Something like this http://www.ebay.co.uk/itm/1000g-x-0-1g-Digital-Precision-Jewelry-Scale-with-free-30x21mm-Jewelers-Loupe-/381066993522?pt=LH_DefaultDomain_0&hash=item58b95cdf72


----------



## DoubleShot (Apr 23, 2014)

1000g x 0.1g LCD Mini Digital Jewelry Pocket GRAM Scale UK

http://pages.ebay.com/link/?nav=item.view&alt=web&id=150989286512

2000g/500g/300g 0.1g/0.01g Jewelry Gold Silver Pocket Digital Platform Scale[500g/0.01g]

http://pages.ebay.com/link/?nav=item.view&alt=web&id=360713640376


----------



## Glenn (Jun 14, 2008)

If you can hold out for a few weeks then these Brewista Scales will be 'the' scales to own

http://coffeehit.co.uk/brewista-barista-scale-2kg-0-1g


----------



## Rhys (Dec 21, 2014)

I've got a set of these and find them very good. Although I have to use a Naked pf with my cup on them.


----------



## mrsimba (Mar 17, 2014)

I bought a couple of these as they were so cheap & have a really nice wide / low platform to sit on the drip tray









http://www.ebay.co.uk/itm/361205224780?_trksid=p2057872.m2749.l2649&ssPageName=STRK%3AMEBIDX%3AIT

Can't fault them to be honest!


----------



## ShaunChris (May 4, 2015)

Thanks guys, I went with this -> http://www.ebay.co.uk/itm/150989286512?_trksid=p2057872.m2749.l2649&ssPageName=STRK%3AMEBIDX%3AIT


----------



## DoubleShot (Apr 23, 2014)

Good choice. I'll probably get a set of those based on liking the look of them. Not that I need a fifth set of digital scales!


----------



## Larzzus (Apr 29, 2015)

Glenn said:


> If you can hold out for a few weeks then these Brewista Scales will be 'the' scales to own
> 
> http://coffeehit.co.uk/brewista-barista-scale-2kg-0-1g


So when will these be available to purchase? I am definitely getting me one of those.


----------



## jlarkin (Apr 26, 2015)

Larzzus said:


> So when will these be available to purchase? I am definitely getting me one of those.

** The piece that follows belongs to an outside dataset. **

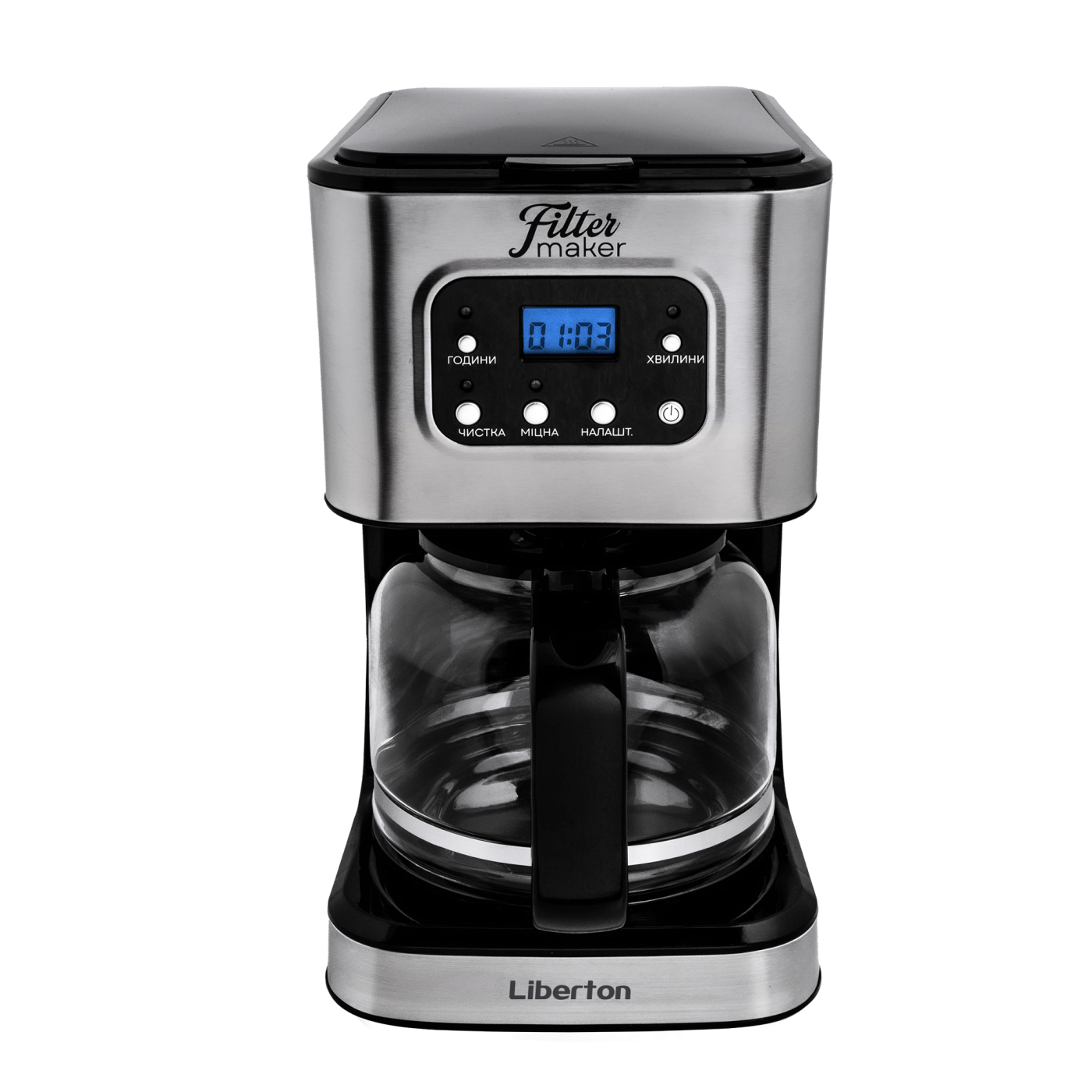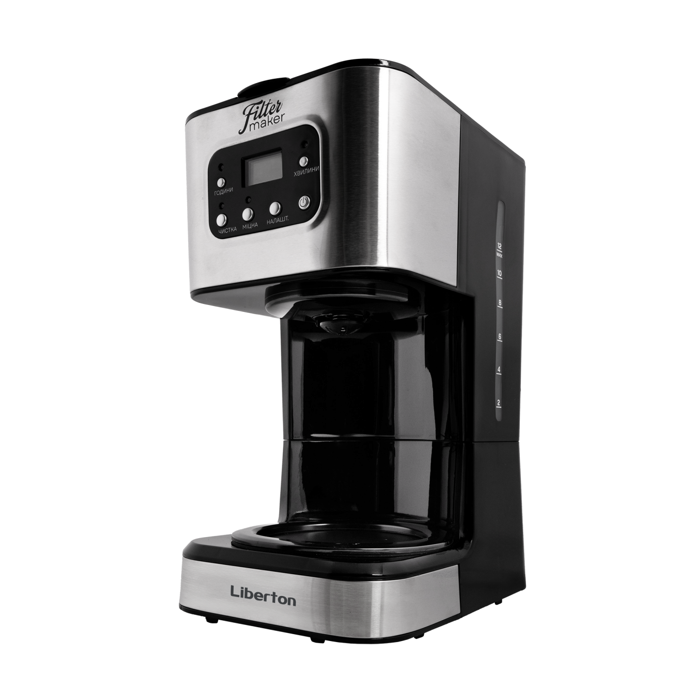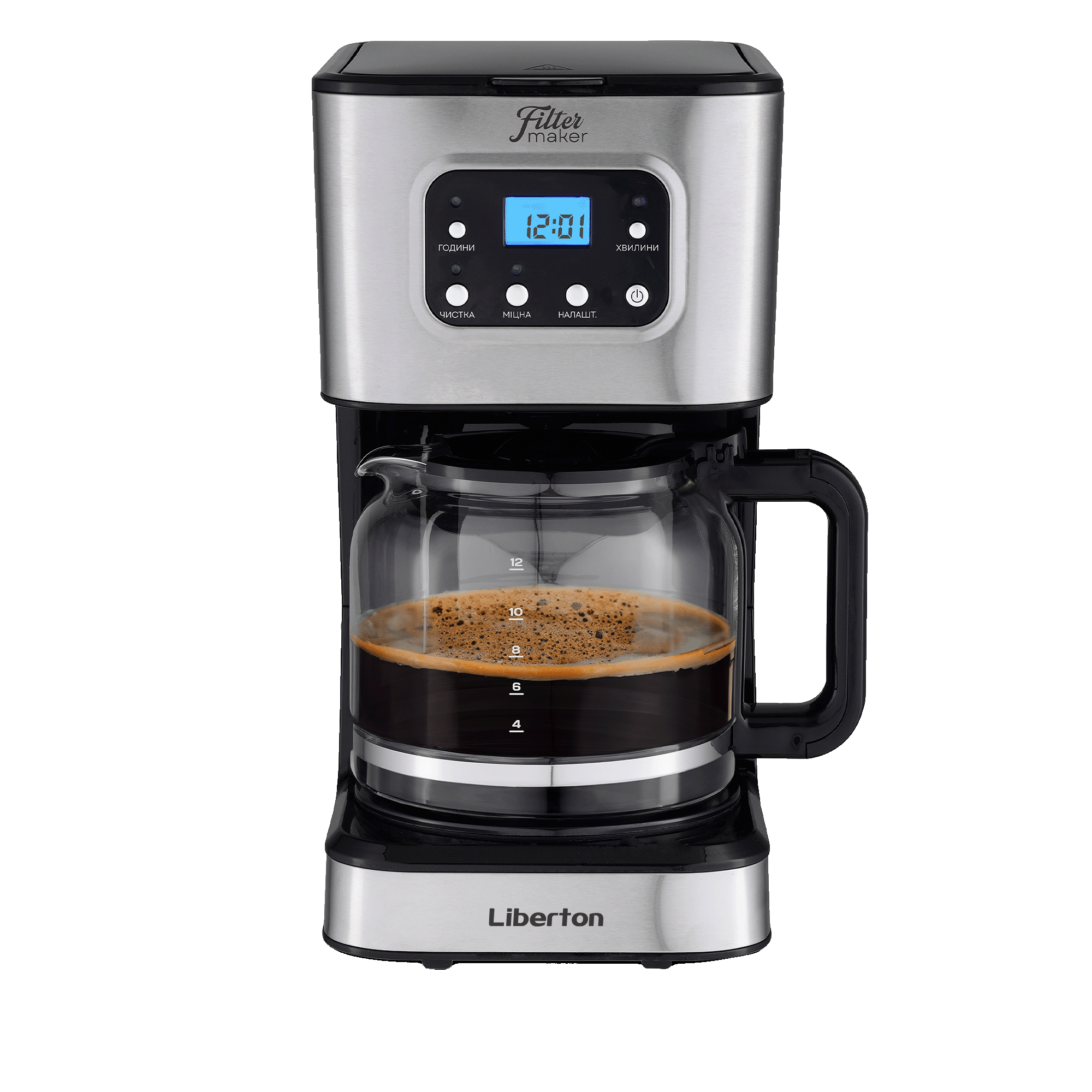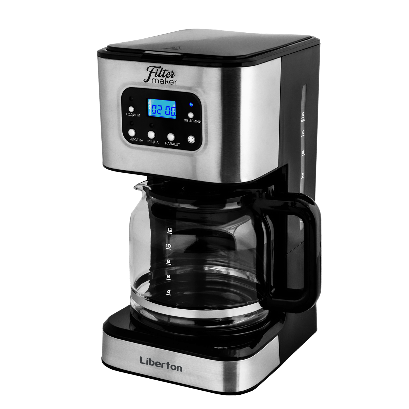Тип кавоварки: крапельна; Потужність: 950 Вт; Тип управління: електронне; Ємність резервуара для води: 1,5 л; Кількість чашок готового напою: 12 шт.; Тип кави: мелена; Тип фільтра: багаторазовий; Особливості: регулювання міцності кави, автоматична підтримка температури, підігрівання кавника, автоматичне відключення, програма очистки, протикрапельна система, дисплей, годинник, таймер (24 години), захист від перегріву, індикатор увімкнення, індикатор рівня води, мірна ложка; Матеріал корпусу: пластик+нержавіюча сталь; Матеріал кавника: високотемпературне скло; Розмір виробу: 16,8х32,3х23 см; Колір: чорний+срібло.

They're supposed to be available in June, from what they've said at London coffee festival.


----------



## "coffee 4/1" (Sep 1, 2014)

looks like brewista scales are gon'a go quick, best i get a (notify me)


----------



## risky (May 11, 2015)

This is such a sore topic for me. On advice I bought a set of American Weigh scales. Max weight 2kgs. (I have an 8 cup Chemex so 500g max is no good). £20 or so from Amazon, great I thought, until they finally arrived (from America!) and I noticed that I'd paid £17 in shipping!
















They are really nice scales though.


----------



## Mr.Sun (May 19, 2015)

Rob1 said:


> Cheap o eBay ones. I've got a 0.01g accuracy set which are good for one espresso cup and dosing into a basket. You'll want 0.1g accuracy with a good max weight (about 500g should do) for brewing into a larger cup. If you want to dose into the portafilter directly you'll probably want an even higher weight limit which is easily possible on 0.1g accuracy but not 0.01g without being expensive.


 Agreed. Spending too much on a digital scale is not recommended, just pick one that works best for your brewing routine.


----------